Exercise data START

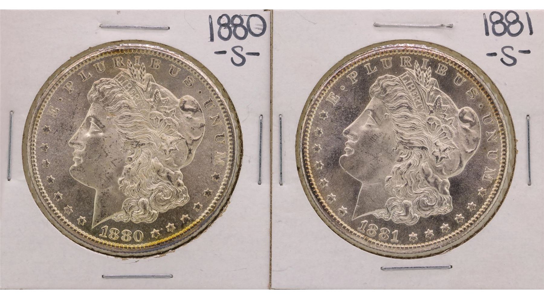 One Lot 1880-S & 1881-S $1 Morgan Silver Dollar Coins.
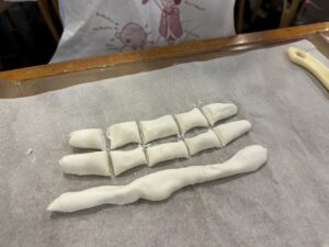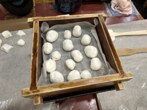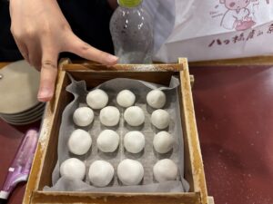 大きな塊を3等分して、そこからさらに5等分… 難しいよね。いろんな大きさの団子が出来上がります。
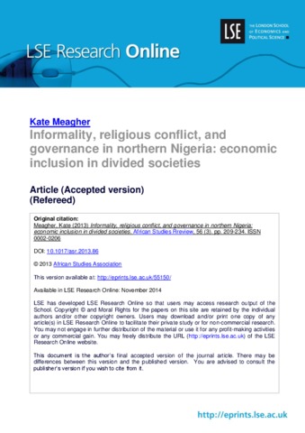 This article examines processes of economic inclusion in divided societies, with a focus on both religious and formal-informal divides. Drawing on recent fieldwork in the northern Nigerian cities of Kano and Kaduna, the article challenges the assumption that identity-based informal organization intensifies violent social divisions, and that taxation and linkages with the state foster more stable and inclusive governance. A range of informal sector activities provides insights into escalating religious conflict and uneven patterns of formal inclusion in interreligious relations. Attention is focused on the relative role of informal institutions and formal interventions such as taxation in diffusing or exacerbating conflict at the grassroots level
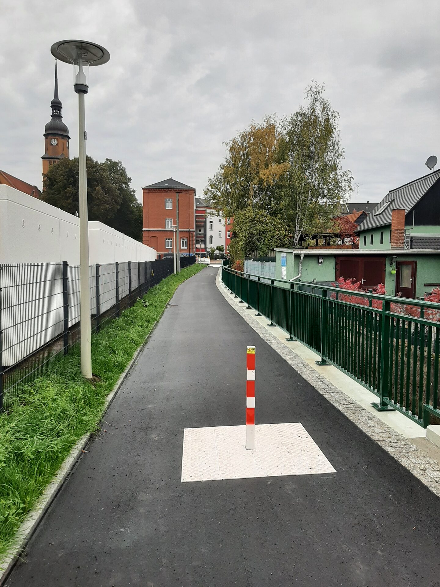 Im Rahmen des Ausbaus eines 130 m langen Teilstücks des Marienthaler Geh- und Radweges erfolgte der Rückbau des zum Teil mit Asphalt befestigten Gehweges und des alten Geländers. Auf drei Meter Breite wurde dann der neue gemeinsame Geh- und Radweg ausgebaut und in Asphaltbauweise befestigt. Bestandteil der Maßnahme war auch die Errichtung einer Straßenbeleuchtung und die Herstellung einer neuen Absturzsicherung auf der Stützwand zum Marienthaler Bach.

Exercise data END

--- Problem description ---
In the data, the line that contains "This article examines" begins the part to write out; restate it and each line after it word for word through the end, with no pictures.

--- The answer ---
 This article examines processes of economic inclusion in divided societies, with a focus on both religious and formal-informal divides. Drawing on recent fieldwork in the northern Nigerian cities of Kano and Kaduna, the article challenges the assumption that identity-based informal organization intensifies violent social divisions, and that taxation and linkages with the state foster more stable and inclusive governance. A range of informal sector activities provides insights into escalating religious conflict and uneven patterns of formal inclusion in interreligious relations. Attention is focused on the relative role of informal institutions and formal interventions such as taxation in diffusing or exacerbating conflict at the grassroots level
 Im Rahmen des Ausbaus eines 130 m langen Teilstücks des Marienthaler Geh- und Radweges erfolgte der Rückbau des zum Teil mit Asphalt befestigten Gehweges und des alten Geländers. Auf drei Meter Breite wurde dann der neue gemeinsame Geh- und Radweg ausgebaut und in Asphaltbauweise befestigt. Bestandteil der Maßnahme war auch die Errichtung einer Straßenbeleuchtung und die Herstellung einer neuen Absturzsicherung auf der Stützwand zum Marienthaler Bach.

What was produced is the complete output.